Wednesday, April 24, 2019

Bloom Filter Efficiency And Cardinality Estimates

I've recently came across an interesting observation I've not seen documented yet, so I'm publishing a simple example here to demonstrate the issue.

In principle it looks like that the efficiency of Bloom Filter operations are dependent on the cardinality estimates. This means that in particular cardinality under-estimates of the optimizer can make a dramatic difference how efficient a corresponding Bloom Filter operation based on such a cardinality estimate will work at runtime. Since Bloom Filters are crucial for efficient processing in particular when using Exadata or In Memory column store this can have significant impact on the performance of affected operations.

While other operations based on SQL workareas like hash joins for example can be affected by such cardinality mis-estimates, too, these seem to be capable of adapting at runtime - at least to a certain degree. However I haven't seen such an adaptive behaviour of Bloom Filter operations at runtime (not even when executing the same statement multiple times and statistics feedback not kicking in).

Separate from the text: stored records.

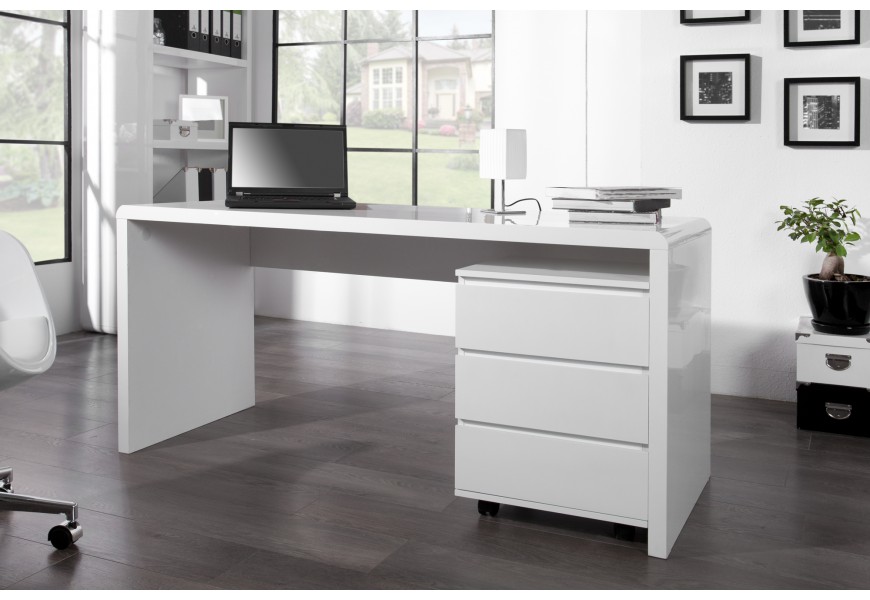 Luxusný moderný dizajnový kancelársky stôl Fast Trade biely vo vysokom lesku Vás zaručene presvedčí svojim jedinečným čistým dizajnom. Nadčasový minimalizmus sa skvele hodí do moderného prostredia. Poskytne Vám nerušivé pracovné prostredie. Je vyrobený z vysoko kvalitnej lakovanej MDF. Veľkosť: 160 cm x 75 cm x 60 cm (ŠxVxH). Stolík sa dodáva bez zásuvkovej skrinky.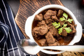 Zdjęcie "Jedzenie koncepcja domu mięso pikantny gulasz z patelni żeliwna patelni z miejsca kopii" może być wykorzystywane do celów osobistych i komercyjnych zgodnie z warunkami zakupionej licencji Royalty-free. Obraz jest dostępny do pobrania w jakości wysokiej rozdzielczości do 5760x3840.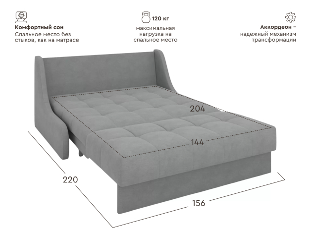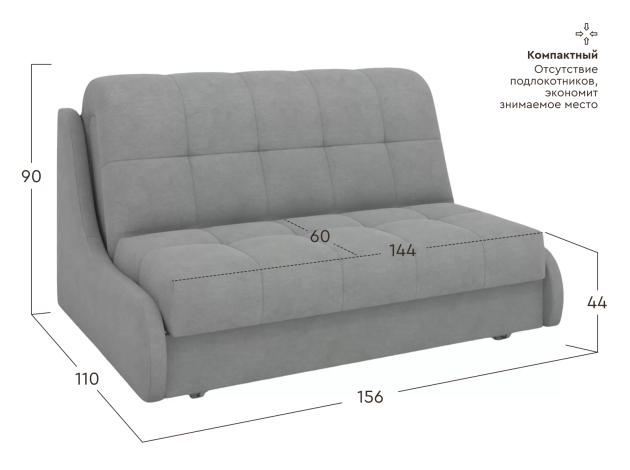Прямой диван Бранд Серый, микрошенилл 144х204 см С ящиком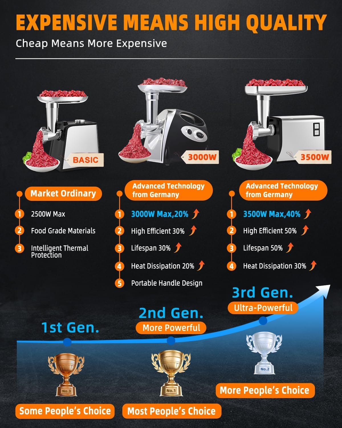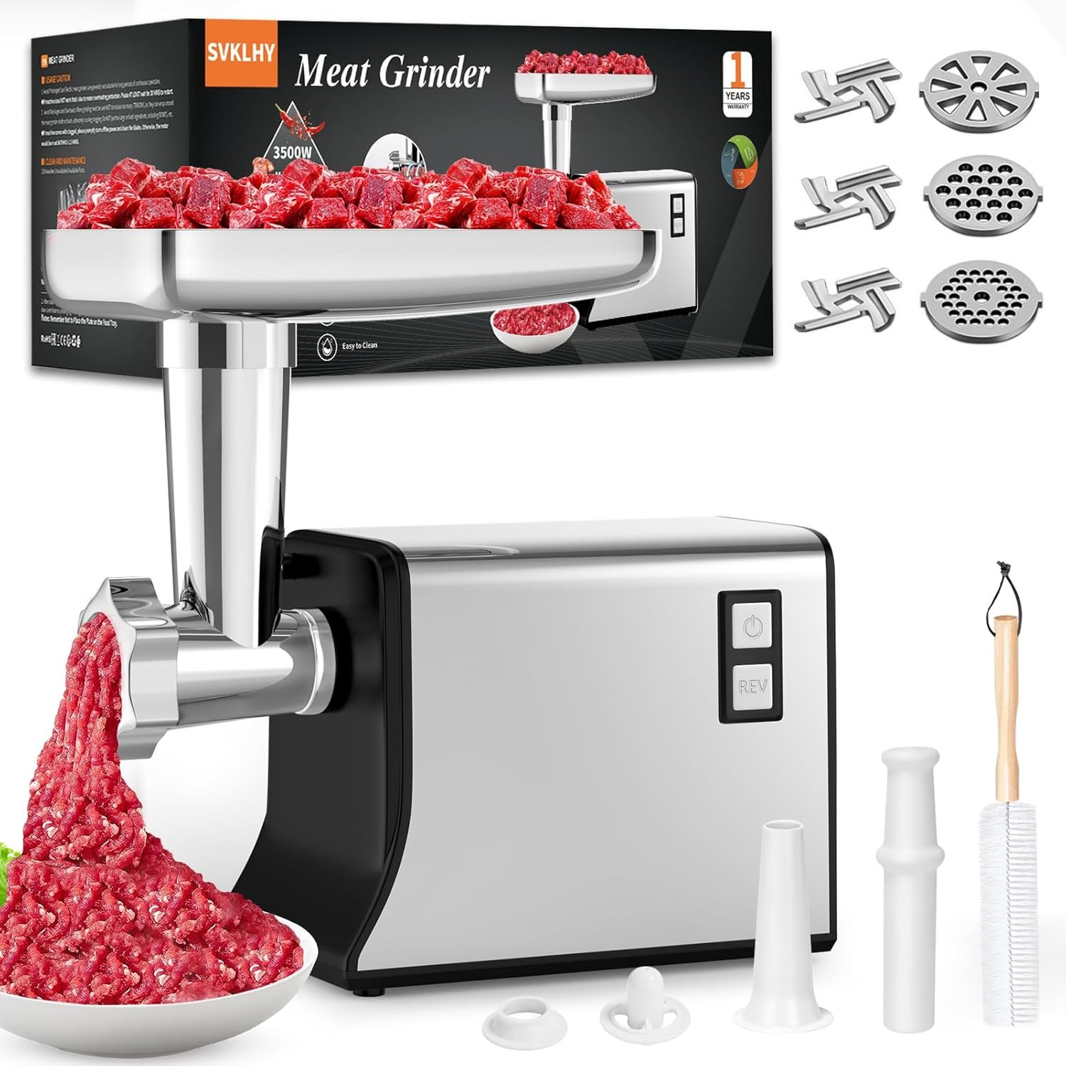 【High Efficiency & Powerful】Note:Please make sure not to include too many tenons. The SVKLHY electric meat grinder features a robust motor (3500W max), allowing you to quickly grind large amounts of meat. Its high efficiency saves you time and effort, making it an indispensable tool for home cooks and professional chefs alike. Ideal for beef, chicken, pork, fish and more, this versatile meat grinder is a must-have for any kitchen.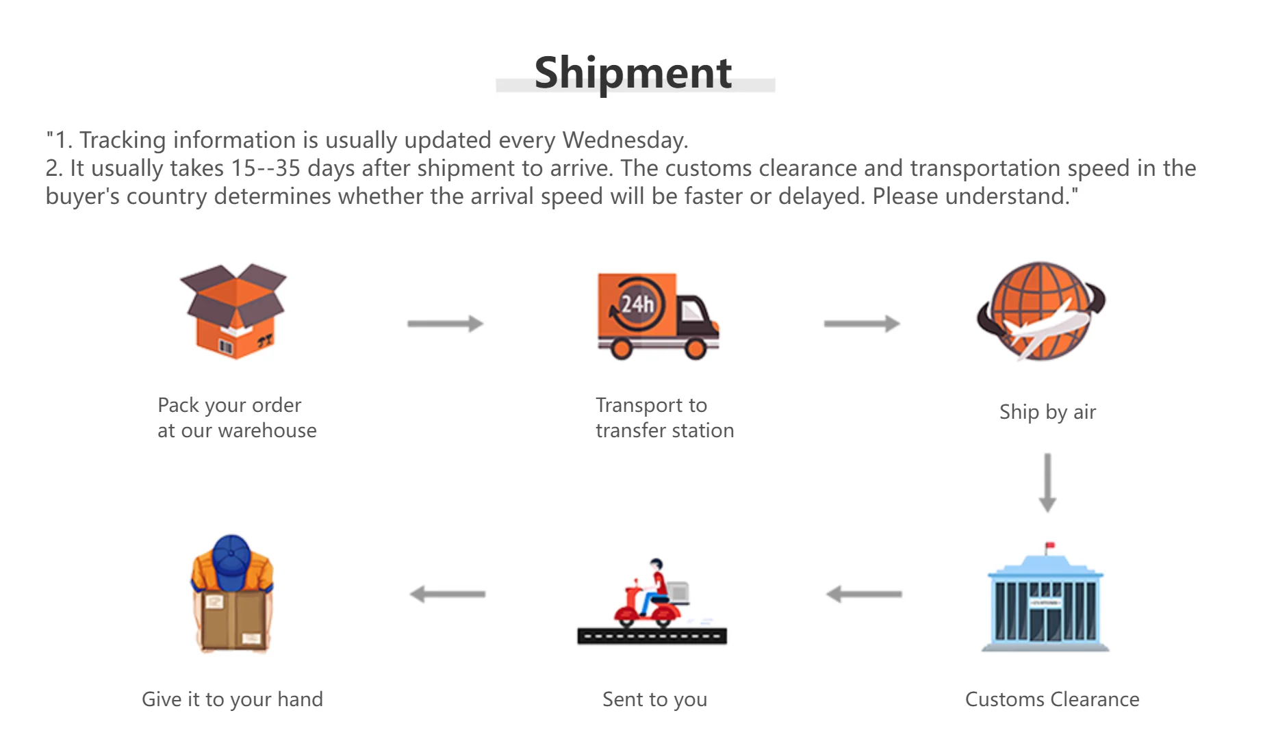 • Our standard shipping typically takes 8-12 working days from the date of order processing for your package to reach its destination. Please bear in mind that this is an estimate, and actual delivery times may vary due to factors beyond our control, such as customs clearance, weather conditions, or any unforeseen circumstances.
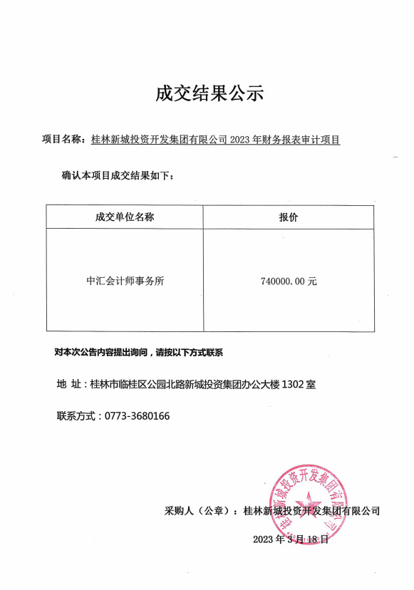 桂林新城投資開發(fā)集團有限公司2023年財務報表審計項目成交結果公示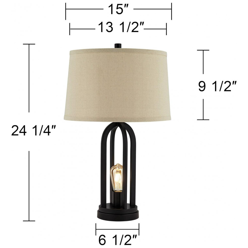 Kit 2 Luminárias de Mesa Vintage em Metal e Abajur de Tecido, 360 LIGHTING 35K12, Preto: Cada um usa uma lâmpada de base padrão média máxima de 100 watts para a luz superior.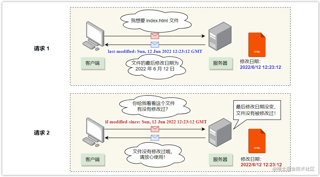 第一种(HTTP/1.0 规范):请求头部中的 If-Modified-Since 字段与响应头部中的 Last-Modified 字段: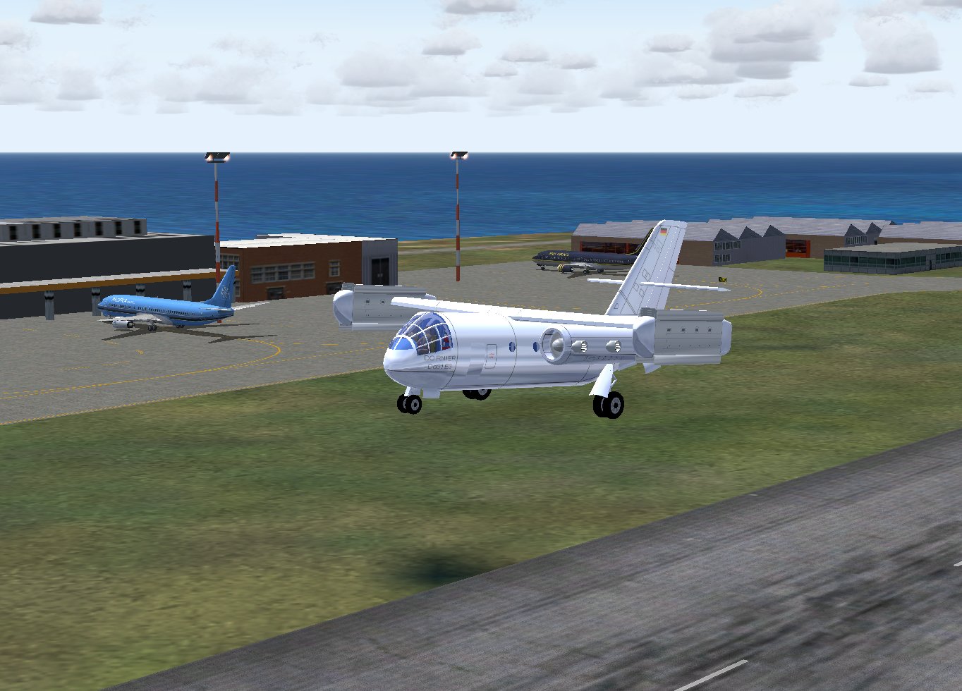 Readers of this website might remember seeing it in “Some VTOL Aircraft.” It’s a Dornier Do 31, which also provided a fine subject for my flight sim modeling, even to its amazing real-life behavior in sim takeoff and landing.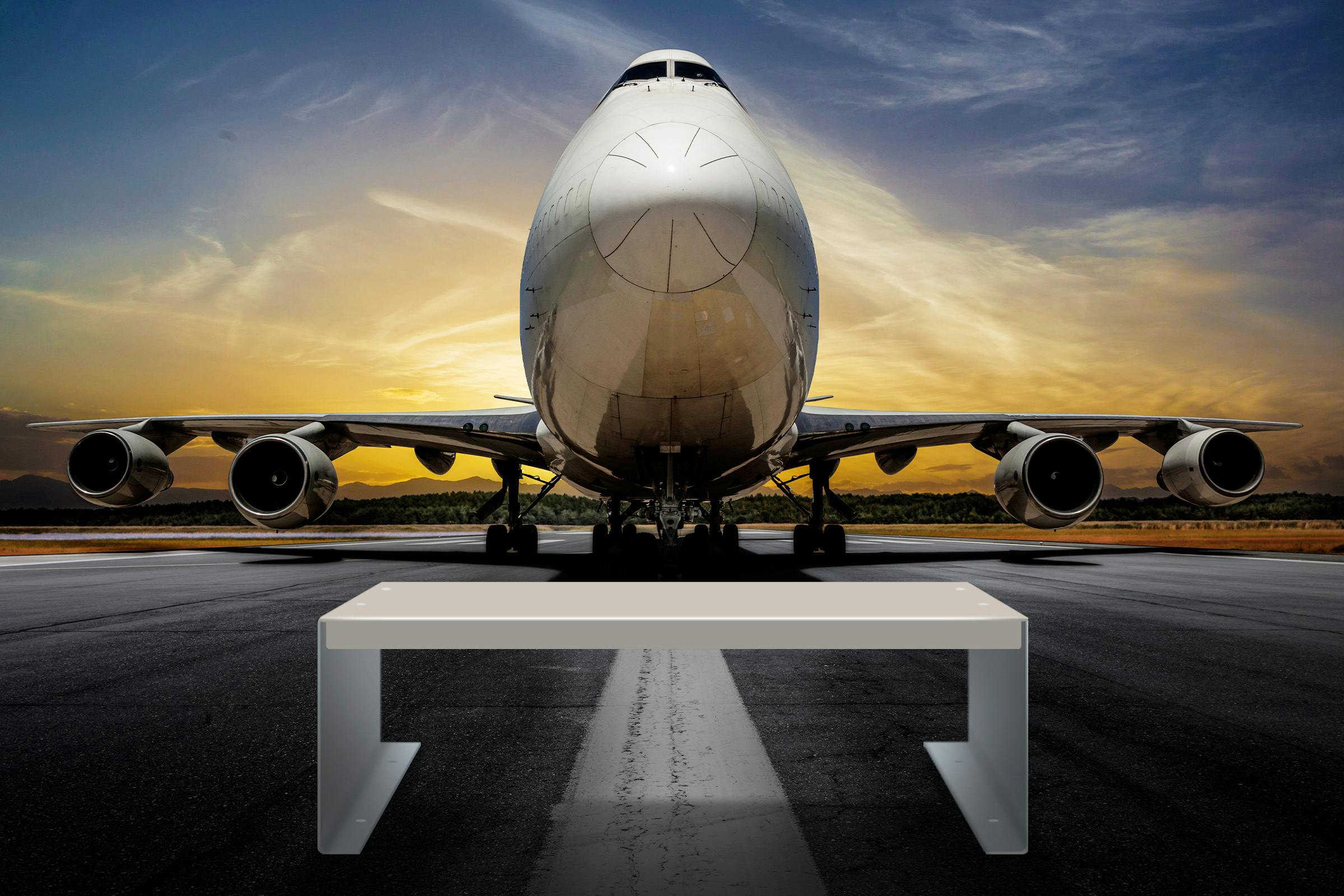 オーダーメイドのため制作するサイズにより重量が異なります。サンプル画像として掲載している「幅45㎝、高さ15㎝、奥行20㎝」の製品で約800gになります。軽量であることが必要な航空機部品の材料を使用しているため、軽い製品に仕上がるのが特徴です。

To demonstrate the issue I'll create two simple tables that get joined and one of them gets a filter applied:

create table t1 parallel 4 nologging compress
as
with
generator1 as
(
  select /*+
              cardinality(1e3)
              materialize
          */
          rownum as id
        , rpad('x', 100) as filler
  from
          dual
  connect by
          level <= 1e3
),
generator2 as
(
  select /*+
              cardinality(1e4)
              materialize
          */
          rownum as id
        , rpad('x', 100) as filler
  from
          dual
  connect by
          level <= 1e4
)
select
       id
     , id as id2
     , rpad('x', 100) as filler
from   (
          select /*+ leading(b a) */
                  (a.id - 1) * 1e4 + b.id as id
          from
                  generator1 a
                , generator2 b
       )
;

alter table t1 noparallel;

create table t2 parallel 4 nologging compress as select * from t1;

alter table t2 noparallel;

All I did here is create two tables with 10 million rows each, and I'll look at the runtime statistics of the following query:

select /*+ no_merge(x) */ * from (
select /*+
           leading(t1)
           use_hash(t2)
           px_join_filter(t2)
           opt_estimate(table t1 rows=1)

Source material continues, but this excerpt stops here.